(Problem to solve)
Below are entries. Give back exactly the lines from the one containing "The Biddeford Wall" through the one containing "Mustafa Kemal Paşa", inclusive, without the pictures.

(Records provided)
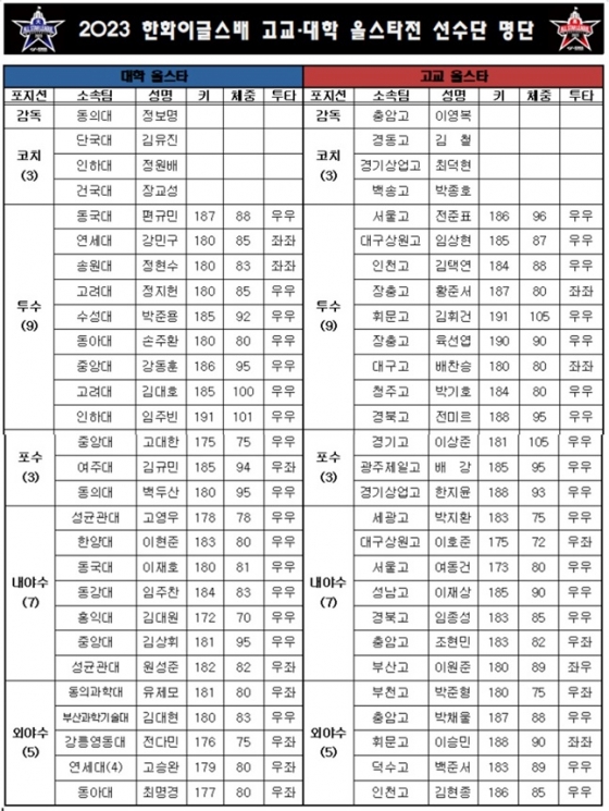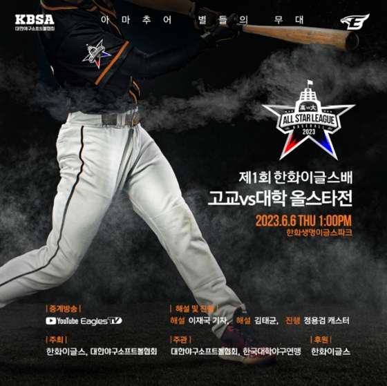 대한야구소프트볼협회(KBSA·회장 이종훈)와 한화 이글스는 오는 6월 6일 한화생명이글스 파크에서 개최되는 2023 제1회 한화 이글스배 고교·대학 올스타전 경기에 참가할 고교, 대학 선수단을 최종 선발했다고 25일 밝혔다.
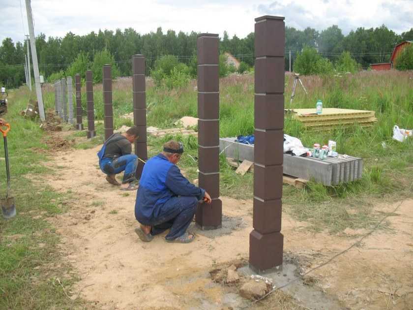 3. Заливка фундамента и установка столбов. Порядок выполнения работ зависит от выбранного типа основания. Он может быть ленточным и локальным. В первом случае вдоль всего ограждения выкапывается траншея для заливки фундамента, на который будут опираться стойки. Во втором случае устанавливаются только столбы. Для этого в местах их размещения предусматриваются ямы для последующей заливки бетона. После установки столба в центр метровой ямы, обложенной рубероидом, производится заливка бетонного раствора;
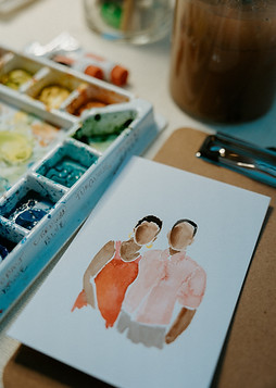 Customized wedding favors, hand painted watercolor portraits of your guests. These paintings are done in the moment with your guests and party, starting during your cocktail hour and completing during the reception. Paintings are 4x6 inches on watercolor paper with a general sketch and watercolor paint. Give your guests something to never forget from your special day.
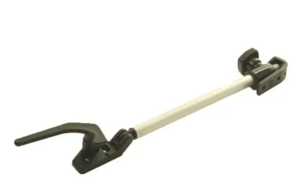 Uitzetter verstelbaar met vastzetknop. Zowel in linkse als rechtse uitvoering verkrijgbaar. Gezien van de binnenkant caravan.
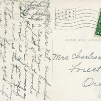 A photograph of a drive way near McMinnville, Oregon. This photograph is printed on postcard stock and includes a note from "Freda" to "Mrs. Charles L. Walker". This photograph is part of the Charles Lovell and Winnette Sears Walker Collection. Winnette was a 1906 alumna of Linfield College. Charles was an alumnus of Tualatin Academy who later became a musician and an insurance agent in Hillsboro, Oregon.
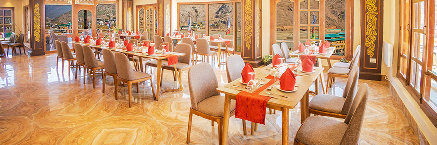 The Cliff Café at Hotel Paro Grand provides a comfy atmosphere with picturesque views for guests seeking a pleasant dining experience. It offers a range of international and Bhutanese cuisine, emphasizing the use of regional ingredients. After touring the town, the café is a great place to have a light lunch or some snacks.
--
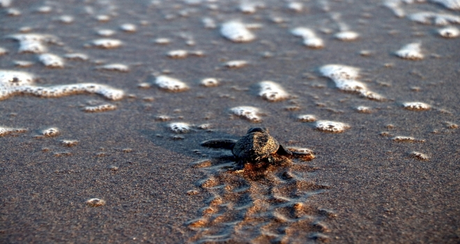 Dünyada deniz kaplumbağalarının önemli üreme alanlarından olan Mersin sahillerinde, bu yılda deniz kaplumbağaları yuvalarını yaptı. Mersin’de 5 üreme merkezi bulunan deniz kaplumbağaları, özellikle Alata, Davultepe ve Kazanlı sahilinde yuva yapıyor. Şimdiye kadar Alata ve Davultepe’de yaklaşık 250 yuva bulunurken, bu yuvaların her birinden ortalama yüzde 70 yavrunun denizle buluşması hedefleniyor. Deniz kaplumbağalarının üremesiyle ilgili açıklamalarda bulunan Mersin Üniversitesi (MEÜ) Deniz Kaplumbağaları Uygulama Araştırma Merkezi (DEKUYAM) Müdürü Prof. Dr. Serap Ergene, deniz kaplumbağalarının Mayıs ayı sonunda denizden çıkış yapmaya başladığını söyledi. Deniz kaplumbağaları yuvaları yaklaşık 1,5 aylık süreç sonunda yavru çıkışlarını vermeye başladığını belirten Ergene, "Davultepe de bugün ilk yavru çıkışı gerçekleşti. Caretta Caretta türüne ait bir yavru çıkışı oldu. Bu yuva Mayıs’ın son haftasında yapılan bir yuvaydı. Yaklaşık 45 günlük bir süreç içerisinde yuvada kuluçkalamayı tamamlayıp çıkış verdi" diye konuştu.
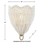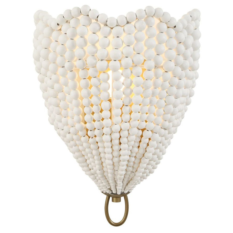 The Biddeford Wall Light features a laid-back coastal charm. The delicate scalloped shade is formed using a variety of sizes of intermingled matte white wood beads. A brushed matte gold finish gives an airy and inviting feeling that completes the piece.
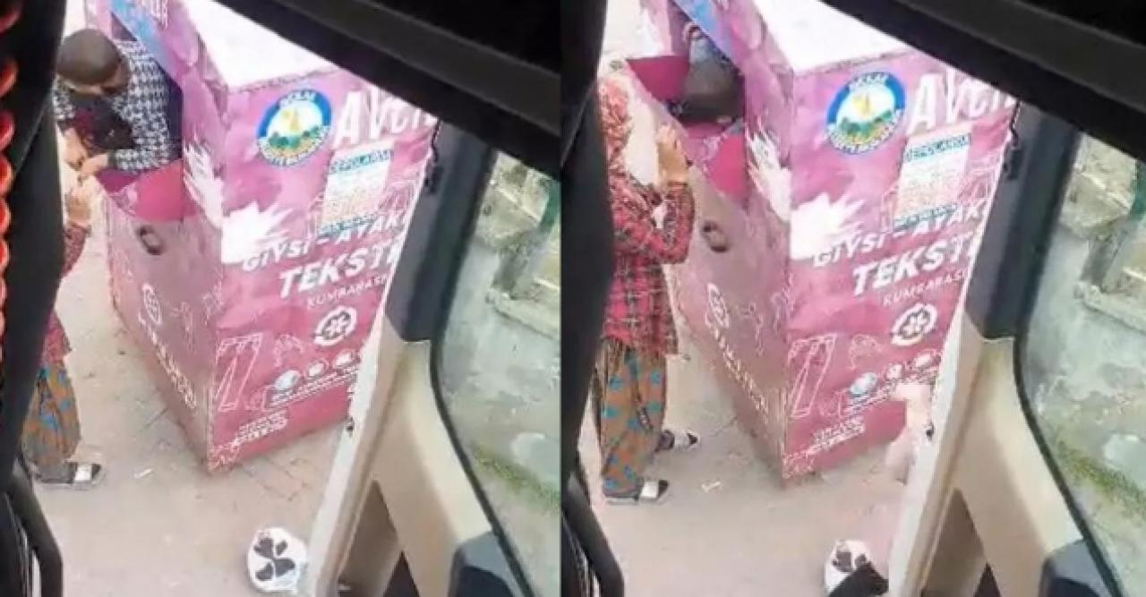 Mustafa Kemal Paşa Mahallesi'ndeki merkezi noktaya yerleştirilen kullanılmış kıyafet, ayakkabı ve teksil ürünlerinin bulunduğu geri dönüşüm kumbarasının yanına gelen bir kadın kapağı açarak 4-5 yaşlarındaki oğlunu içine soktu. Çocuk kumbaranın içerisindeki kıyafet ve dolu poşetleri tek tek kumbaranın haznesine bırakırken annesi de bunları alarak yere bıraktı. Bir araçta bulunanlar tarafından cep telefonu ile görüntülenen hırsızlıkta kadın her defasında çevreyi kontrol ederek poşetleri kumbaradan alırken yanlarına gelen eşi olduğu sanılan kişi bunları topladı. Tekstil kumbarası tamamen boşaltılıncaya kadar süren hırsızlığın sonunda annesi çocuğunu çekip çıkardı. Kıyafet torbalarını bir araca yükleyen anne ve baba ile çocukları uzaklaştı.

(Your solution)
 The Biddeford Wall Light features a laid-back coastal charm. The delicate scalloped shade is formed using a variety of sizes of intermingled matte white wood beads. A brushed matte gold finish gives an airy and inviting feeling that completes the piece.
 Mustafa Kemal Paşa Mahallesi'ndeki merkezi noktaya yerleştirilen kullanılmış kıyafet, ayakkabı ve teksil ürünlerinin bulunduğu geri dönüşüm kumbarasının yanına gelen bir kadın kapağı açarak 4-5 yaşlarındaki oğlunu içine soktu. Çocuk kumbaranın içerisindeki kıyafet ve dolu poşetleri tek tek kumbaranın haznesine bırakırken annesi de bunları alarak yere bıraktı. Bir araçta bulunanlar tarafından cep telefonu ile görüntülenen hırsızlıkta kadın her defasında çevreyi kontrol ederek poşetleri kumbaradan alırken yanlarına gelen eşi olduğu sanılan kişi bunları topladı. Tekstil kumbarası tamamen boşaltılıncaya kadar süren hırsızlığın sonunda annesi çocuğunu çekip çıkardı. Kıyafet torbalarını bir araca yükleyen anne ve baba ile çocukları uzaklaştı.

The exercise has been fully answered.